Para el director, las personas que dibujaba en sus filmes debían extraerse de la realidad. “Sí, jóvenes como ella existen en la vida real”, decía Miyazaki frente a su escritorio, mientras sus trazos formaban una silueta femenina sobre el papel.
Miyazaki siempre fue un soñador con los pies sobre la tierra. Por ello lamenta que las productoras estén llenas de otakus, denominación peyorativa que refiere a obsesos de las series animadas.
En una entrevista publicada por el periódico nipón Golden Times, el director expresa su preocupación: “Casi toda la animación japonesa carece de bases tomadas del observar a la gente. Es producida por humanos que no soportan ver a otros humanos... Si no se toma tiempo para ver a las personas, no se podrá hacer esto”, comentó sin quitar el cigarrillo de su boca.
“Miyazaki nos da lecciones, de la manera más inocente, y cruel a veces, sobre el balance que hay entre el ser humano y la naturaleza; entre lo sagrado y lo mundano. Nos acerca íntimamente a mundos con una gráfica y una exquisita paleta de color; con un dibujo preciso –más bien simple– y un uso de la metáfora que cualquier ilustrador debería analizar con voracidad”, señala Augusto Ramírez, artista gráfico.
Ventisca incierta.

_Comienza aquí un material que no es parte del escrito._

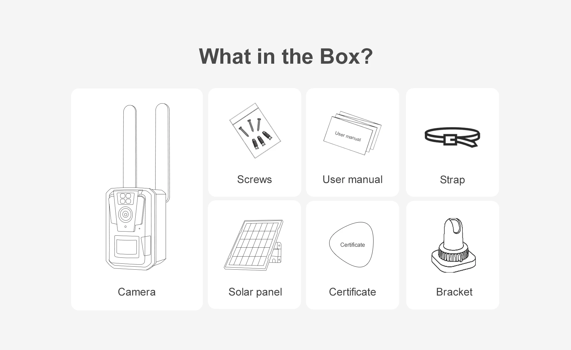 摄像机 * 1,支架 * 1,螺丝包装 * 1,手动 * 1,strao * 1 (可选: Type-C充电电缆 * 1,太阳能电池板 * 1,

El último largometraje del Studio Ghibli es El recuerdo de Marnie (2014), dirigido por Hiromasa Yonebayashi. El maestro Miyazaki se despidió con Se levanta el viento (2013), obra que dejó guardados a los fantasmas, las brujas y las criaturas mágicas para hacer despegar la historia de Jiro, un muchacho que, encantado por la idea de volar, lleva su pasión de forma involuntaria a diseñar el Mitsubishi Zero, la catastrófica aeronave de combate del imperio japonés.
La última obra del padre del Studio Ghibli fue una declaración que los conservadores de su país tomaron como antibélica y, por tanto, antijaponesa: este rechazo demuestra que los mejores mundos los tienen los niños.
Por su parte, el diseñador costarricense Daniel Solano opina: “Hayao Miyazaki es uno de esos pocos genios que, con su narrativa, temas y cinematografía, han influido en ilustradores y cineastas tanto dentro como fuera del ámbito de la animación. Sus trabajos respiran en un mundo ideal, con un amor por los valores familiares, la honestidad, el respeto por la naturaleza, y definitivamente el vuelo”.
El escritor Roberto Saviano dice que los criminales no le temen a los escritores, sino a los lectores. Con reinos de memorias y sueños, Hayao Miyazaki perpetuó su obra al enamorar al mundo, convirtiendo así al Studio Ghibli en una ventisca de emociones implacables. El trabajo de esos magos del trazo sigue moviéndose con el viento, solo que por ahora no ha decidido dónde aterrizar.